▶ [YOUR GOAL] Whatever precedes the line containing "(¬2) انظر الحاوي" is not copied; that line and every line after it through the final one below are copied exactly, except pictures.

▶ [STORED DATA]
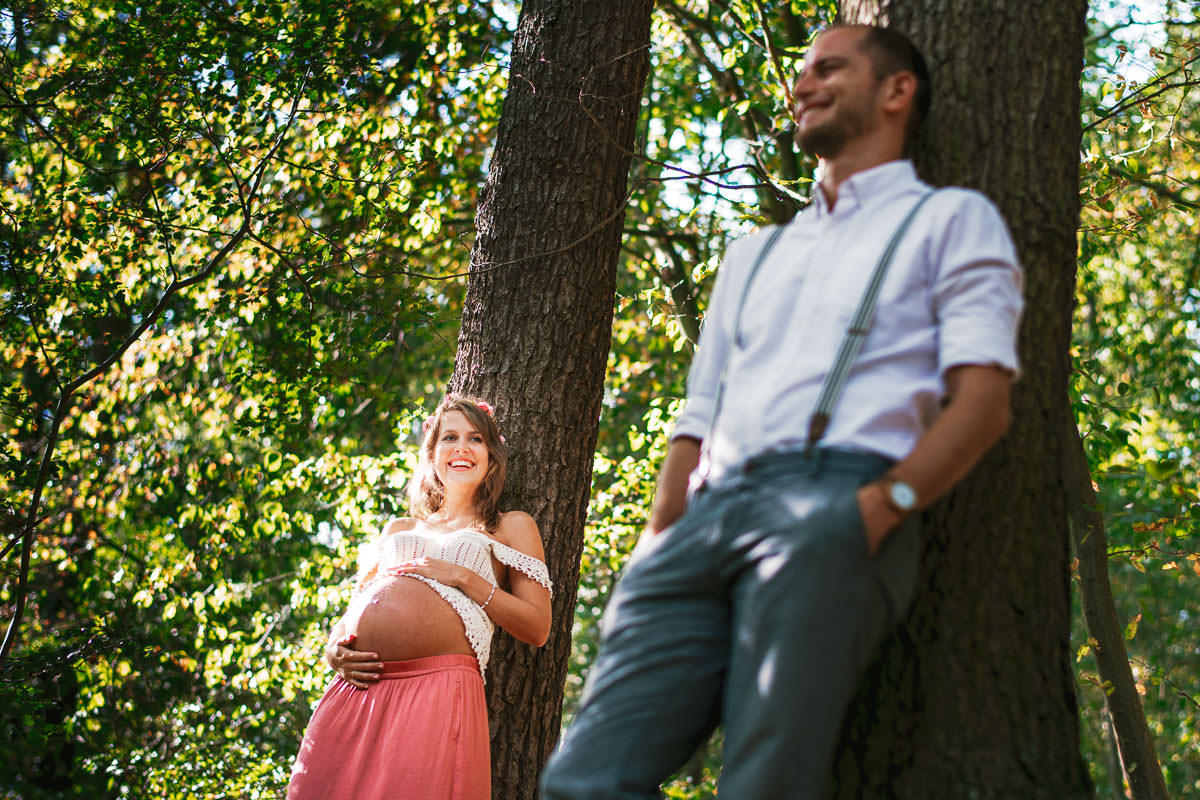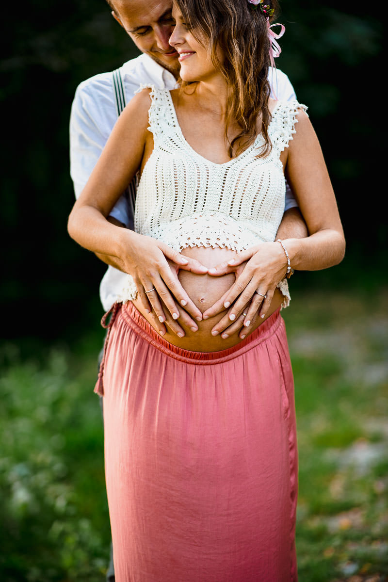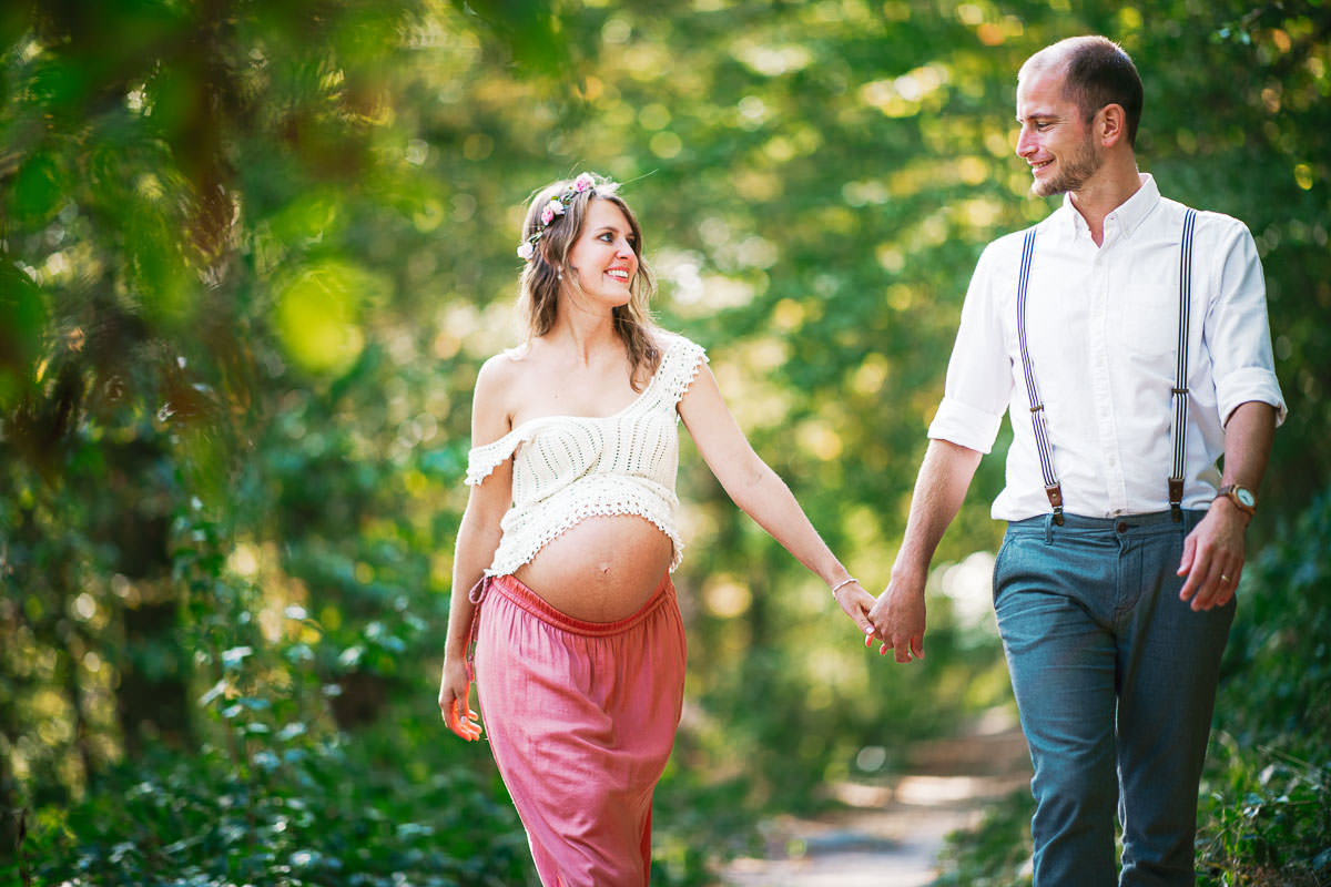 Ein Paarshooting in der Schwangerschaft sollte so ca. 4-8 Wochen vor dem Geburtstermin stattfinden. Dann hat euer Babybauch schon eine sehr schöne Form und ihr seid körperlich fit. Denn ganz klar, draußen in der Natur Bilder zu machen, ist etwas anstrengender als im Studio. Da ihr euch einfach mehr bewegen müsst. Aber keine Angst, wir legen Pausen ein, wenn ihr es benötigt. Um euren Bauch gut sehen zu können, solltet ihr etwas bauchfreies tragen. Alternativ bieten sich auch eng anliegende Tops oder Kleider an. Grundsätzlich sollte es so sein, daß man die Kontur eures Bauches gut sieht. Weite Kleider sind zwar bequemer, aber man sieht darin nicht gut die Form. Die Zwei haben das perfekt gemacht bei diesem Babybauch Shooting in Mannheim. Von der Uhrzeit ist am besten der Nachmittag geeignet, da das Licht um diese Tageszeit am schönsten ist. Die Location für die Bilder sprechen wir gemeinsam ab. Für das Schwangerschaftsshooting das ihr hier seht,  sind wir einfach ins Grüne an einen Waldrand gefahren. Ihr seht man braucht keine ausgefallene Location für schöne Schwangerschaftsbilder in Mannheim und Umgebung.
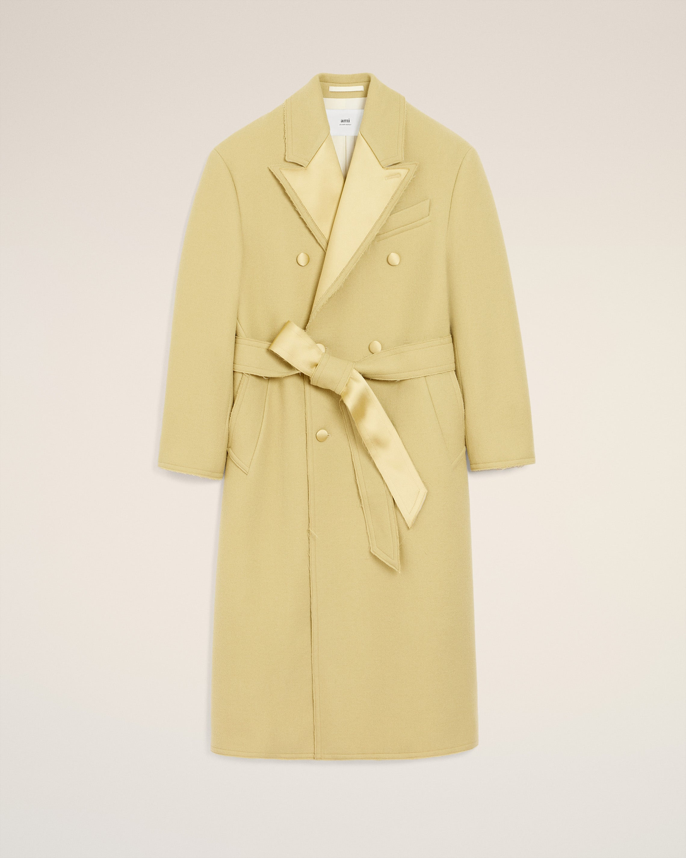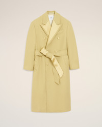 Double breasted tuxedo long coat in boiled wool gabardine. Cosy fit Covered buttons in satin 6 buttons double breasted 1 chest piped pocket 2 diagonal welt pockets 3 inside pockets Raw edge contrasted lapel collar in tone on tone satin Buttoned bottom sleeves Bimaterial removable belt in boiled wool gabardine and satin Slit middle back Fully lined 130 cm center back length (size 36) Made in Moldava (with love) REF: FCO460.WV0078.399 SIZE & FIT This item is designed to be worn lose. Take your normal size. Model is 181 cm / 5"11 and is wearing a size 36. COMPOSITION & CARE GUIDE Main Material : 100% New Wool Secondary Material : 95% Polyester 5% Elastane Body Lining : 50% Polyester 50% Cotton Sleeves Lining : 54% Acetate 45% Viscose 1% Polyester Pocket Lining : 65% Polyester 35% Cotton Do not wash Chlorine prohibited Do not tumble dry Cool iron Dry clean gentle
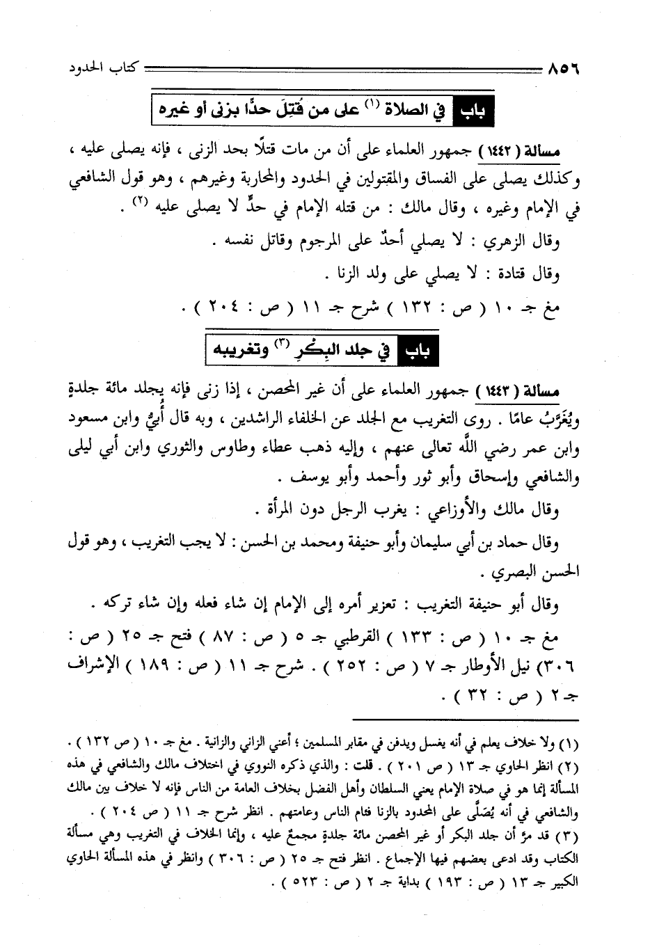 (¬2) انظر الحاوي جـ 13 (ص 201). قلت: والذي ذكره النووي في اختلاف مالك والشافعي في هذه المسألة إنما هو في صلاة الإِمام يعني السلطان وأهل الفضل بخلاف العامة من الناس فإنه لا خلاف بين مالك والشافعي في أنه يُصَلَّى على المحدود بالزنا فئام الناس وعامتهم. انظر شرح جـ 11 (ص 204).
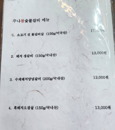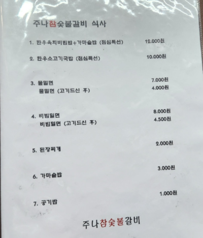 주나 참숯불갈비 메뉴는 위 사진과 같습니다.

▶ [OUTPUT OF THE EXERCISE]
 (¬2) انظر الحاوي جـ 13 (ص 201). قلت: والذي ذكره النووي في اختلاف مالك والشافعي في هذه المسألة إنما هو في صلاة الإِمام يعني السلطان وأهل الفضل بخلاف العامة من الناس فإنه لا خلاف بين مالك والشافعي في أنه يُصَلَّى على المحدود بالزنا فئام الناس وعامتهم. انظر شرح جـ 11 (ص 204).
 주나 참숯불갈비 메뉴는 위 사진과 같습니다.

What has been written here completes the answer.